● Aim of the exercise
From top to bottom, retype the data exactly, passing over any picture.

● Dataset content
────

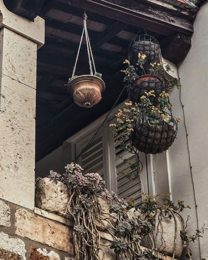 To detal architektury, który opowiada historię o mieszkańcach – zasuszone rośliny, gliniane donice i trochę chaosu. Kadr zbliżony, pełen faktur, idealny przykład na to, że warto patrzeć do góry, nawet w wąskich uliczkach.
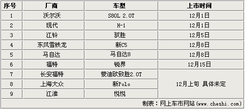 其中,在12月1日就將有兩款新車上市,分別為S80L 2.0T和現(xiàn)代H-1,另外還有江鈴馭勝、新C5、馬自達8等三款新車也確定了具體上市時間,而江淮悅悅、新Polo、GX2等4款車上市時間未定。從上表可以看到,這9款新車涵蓋了小型車、中級車、豪華車、SUV及商務車等不同類型,可以滿足消費者各項用車需求。
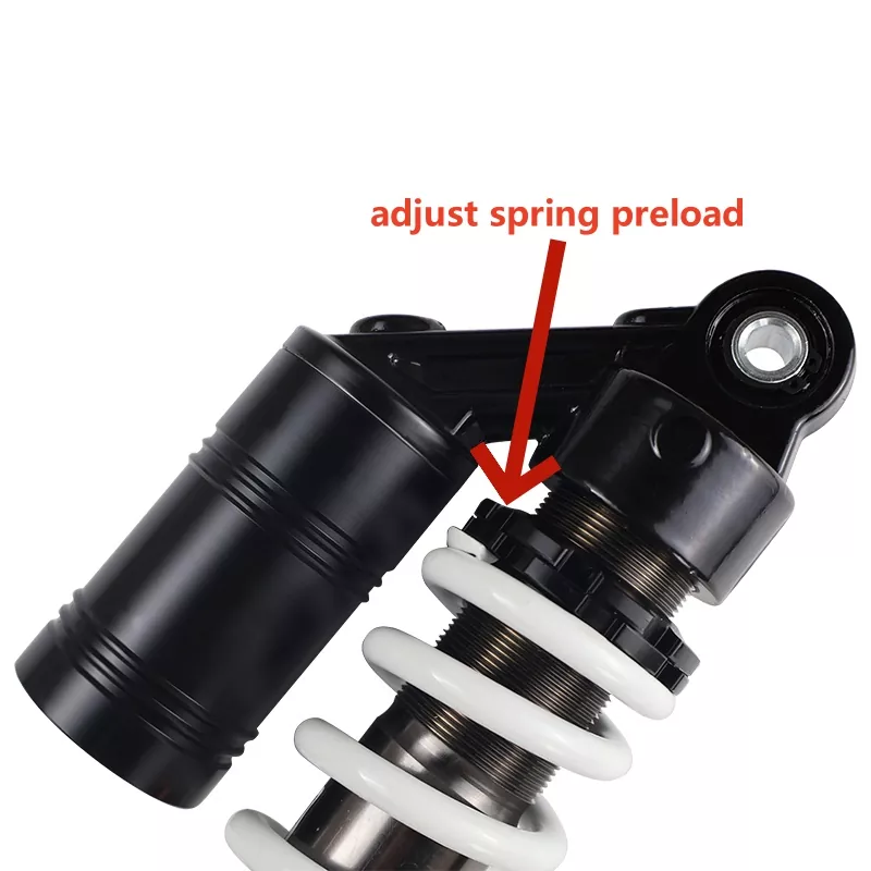 Внешняя подушка безопасности 280 мм мотоциклетного амортизатора Особенности регулируемой пружинную предварительную нагрузку, что позволяет гонщикам изменять , скорректировать, чтобы сделать пружину сильнее, отрегулируйте, чтобы сделать пружину мягче

────

● Task answer
 To detal architektury, który opowiada historię o mieszkańcach – zasuszone rośliny, gliniane donice i trochę chaosu. Kadr zbliżony, pełen faktur, idealny przykład na to, że warto patrzeć do góry, nawet w wąskich uliczkach.
 其中,在12月1日就將有兩款新車上市,分別為S80L 2.0T和現(xiàn)代H-1,另外還有江鈴馭勝、新C5、馬自達8等三款新車也確定了具體上市時間,而江淮悅悅、新Polo、GX2等4款車上市時間未定。從上表可以看到,這9款新車涵蓋了小型車、中級車、豪華車、SUV及商務車等不同類型,可以滿足消費者各項用車需求。
 Внешняя подушка безопасности 280 мм мотоциклетного амортизатора Особенности регулируемой пружинную предварительную нагрузку, что позволяет гонщикам изменять , скорректировать, чтобы сделать пружину сильнее, отрегулируйте, чтобы сделать пружину мягче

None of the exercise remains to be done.